Tue Dec 9 17:48:50 2025 WARNING Message ID set on to-be-sent message, this is probably unintended; clearing it.
Tue Dec 9 17:48:50 2025 DEBUG Message to <UDP6EndpointAddress [fd80:9d9c:eb7c:1:fd6d:5321:80b7:b618]:28164 (locally fd80:9d9c:eb7c:1:b1aa:ef14:6599:8971%wpan0)> put into backlog
Tue Dec 9 17:48:52 2025 ERROR Exception in callback MessageManager._schedule_retransmit.<locals>.retr() at /usr/lib/python3.9/site-packages/aiocoap/messagemanager.py:260
Tue Dec 9 17:48:52 2025 handle: <TimerHandle when=13051.910706122799 MessageManager._schedule_retransmit.<locals>.retr() at /usr/lib/python3.9/site-packages/aiocoap/messagemanager.py:260 created at /usr/lib/python3.9/site-packages/aiocoap/messagemanager.py:267>
Tue Dec 9 17:48:52 2025 source_traceback: Object created at (most recent call last):
Tue Dec 9 17:48:52 2025 File "/usr/lib/python3.9/site-packages/aiocoap/pipe.py", line 172, in add_response
Tue Dec 9 17:48:52 2025 self._add_event(self.Event(response, None, is_last))
Tue Dec 9 17:48:52 2025 File "/usr/lib/python3.9/site-packages/aiocoap/pipe.py", line 160, in _add_event
Tue Dec 9 17:48:52 2025 keep_calling = cb(event)
Tue Dec 9 17:48:52 2025 File "/usr/lib/python3.9/site-packages/aiocoap/tokenmanager.py", line 132, in on_event
Tue Dec 9 17:48:52 2025 self.token_interface.send_message(
Tue Dec 9 17:48:52 2025 File "/usr/lib/python3.9/site-packages/aiocoap/messagemanager.py", line 419, in send_message
Tue Dec 9 17:48:52 2025 self._send_initially(message, messageerror_monitor)
Tue Dec 9 17:48:52 2025 File "/usr/lib/python3.9/site-packages/aiocoap/messagemanager.py", line 428, in _send_initially
Tue Dec 9 17:48:52 2025 self._add_exchange(message, messageerror_monitor)
Tue Dec 9 17:48:52 2025 File "/usr/lib/python3.9/site-packages/aiocoap/messagemanager.py", line 206, in _add_exchange
Tue Dec 9 17:48:52 2025 next_retransmission = self._schedule_retransmit(message, timeout, 0)
Tue Dec 9 17:48:52 2025 File "/usr/lib/python3.9/site-packages/aiocoap/messagemanager.py", line 267, in _schedule_retransmit
Tue Dec 9 17:48:52 2025 return self.loop.call_later(timeout, retr)
Tue Dec 9 17:48:52 2025 Traceback (most recent call last):
Tue Dec 9 17:48:52 2025 File "/usr/lib/python3.9/asyncio/events.py", line 80, in _run
Tue Dec 9 17:48:52 2025 File "/usr/lib/python3.9/site-packages/aiocoap/messagemanager.py", line 266, in retr
Tue Dec 9 17:48:52 2025 self._retransmit(message, timeout, retransmission_counter)

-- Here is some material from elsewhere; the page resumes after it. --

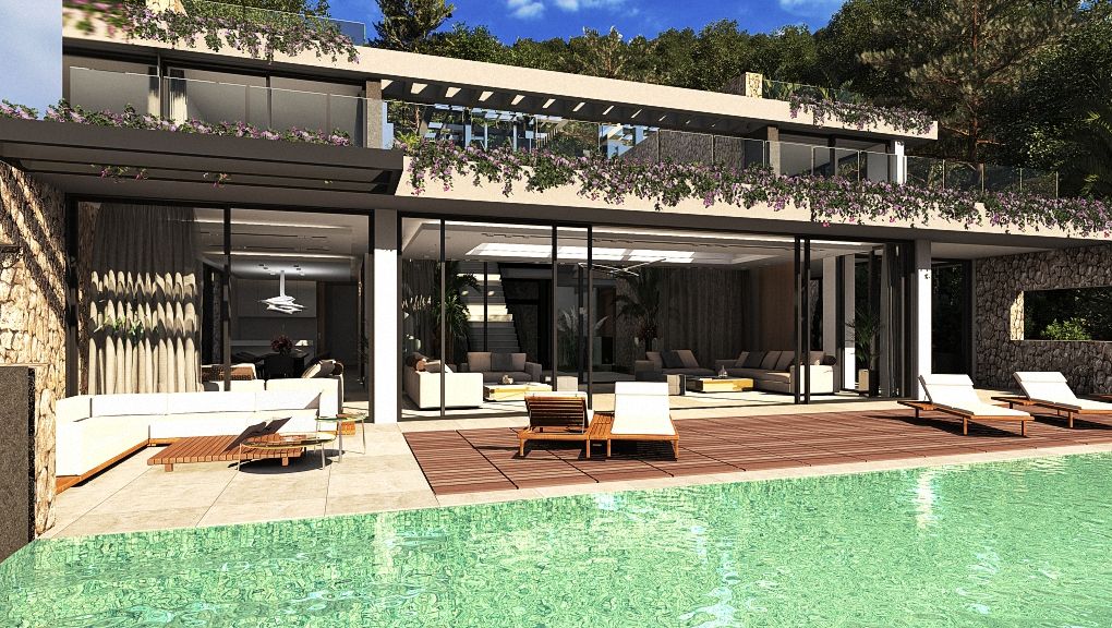 Denna exceptionella villa byggs på solsidan av Canyamel, en lugn kuststad nära Capdepera. Fastigheten med 547 m² boyta kommer att sträcka sig på en sluttningstomt över fyra nivåer. På gatunivå finns entrén med tre parkeringsplatser, trappa och hiss. I den första källaren finns två sovrum med eget badrum, omklädningsrum och tillgång till en terrass med havsutsikt. I den andra källaren finns vardagsrum och matplats med öppet kök. Härifrån har du tillgång till terrassen med infinitypool och utsikt över Canyamelbukten. På denna nivå finns ytterligare ett sovrum med badrum en suite. På husets nedre plan finns en studio, hobbyrum, hemmabio, bodega, teknikrum och ett sovrum med badrum en suite samt ytterligare en terrass med liten pool. Alla nivåer är byggda runt en stor uteplats. Glasfronter ger utsikt över den exotiska vegetationen på uteplatsen och ger en unik boendeupplevelse. Den högkvalitativa inredningen inkluderar golvvärme, central luftkonditionering, marmor och parkettgolv. Tvåskaligt murverk och solskydd säkerställer ett perfekt rumsklimat. Byggandet kommer att starta efter avtalsavtalet med förvärvaren, därför kan individuella önskemål beaktas. Badmöjligheter i havet ligger inom gångavstånd. Det finns också flera restauranger i omedelbar närhet. Det ädla 5-stjärniga Cap Vermell Grand Hotel ligger bara två minuter bort. Countryklubben som ligger där erbjuder ett brett utbud av sport- och fritidsaktiviteter. Inom en radie på bara några kilometer finns fyra golfbanor, flera småbåtshamnar och de små städerna Artá och Capdepera med många shopping- och nattlivsmöjligheter.

Tue Dec 9 17:48:52 2025 File "/usr/lib/python3.9/site-packages/aiocoap/messagemanager.py", line 273, in _retransmit
Tue Dec 9 17:48:52 2025 messageerror_monitor, next_retransmission = self._active_exchanges.pop(key)
Tue Dec 9 17:48:52 2025 KeyError: (<UDP6EndpointAddress [fd80:9d9c:eb7c:1:fd6d:5321:80b7:b618]:28164 (locally fd80:9d9c:eb7c:1:b1aa:ef14:6599:8971%wpan0)>, 23764)

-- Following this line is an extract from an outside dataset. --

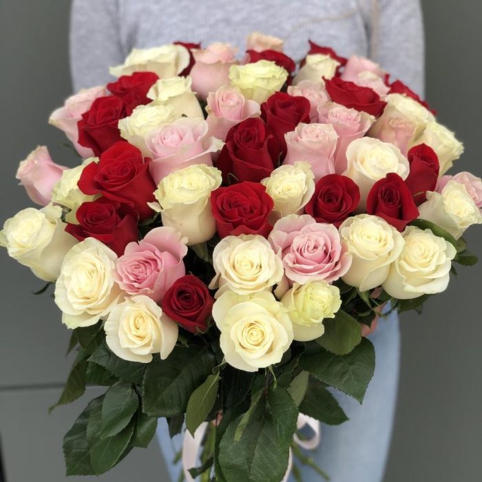 Букет из красных, белых и розовых роз Бабочки внутри меня из 51 розы

... I think the root cause here is that the same message object is being sent multiple times with different IDs - each time the MessageManager.send_message() clears the message ID (resulting in the log line) and then sets a new message id on the same object.
Then if a retransmit happens for the first recipient, the message id has been rewritten for a later recipient so the key for self._active_exchanges is wrong and the KeyError shown above triggers. (Possibly with different clients it's not a KeyError but still the retransmit will be incorrect as the remote will have also changed on the message.)

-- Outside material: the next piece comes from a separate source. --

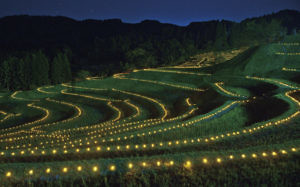 日本の棚田百選にも選ばれている大山千枚田で、毎年秋も深まる10月から開催されるライトアップイベント。 畦に沿って設置した、太陽光発電のLEDキャンドルが1万本、日没から4時間程度、雨でも点灯する。千枚田を幻想的に彩り、風物詩となったこの夜景は、年明けまで継続する。

I've observed the cascade impact of the KeyError is that entire remote is stalled and the Observer keeps adding messages to the backlog which are never sent, so it becomes a zombie Observe client...
I think the fix may be simple, will submit a PR shortly.
Install info
# python3 -m aiocoap.cli.defaults
Python version: 3.9.15 (main, Oct 23 2022, 20:48:04)
[GCC 8.4.0]
aiocoap version: 0.4.7
Modules missing for subsystems:
dtls: missing DTLSSocket
oscore: missing cryptography, ge25519
linkheader: everything there
prettyprint: missing termcolor, pygments
Python platform: linux
Default server transports: tcpserver:tcpclient:tlsserver:tlsclient:udp6
Selected server transports: tcpserver:tcpclient:tlsserver:tlsclient:udp6
Default client transports: tcpclient:tlsclient:udp6
Selected client transports: tcpclient:tlsclient:udp6
SO_REUSEPORT available (default, selected): True, True
(OpenWRT router, running old Python unfortunately!)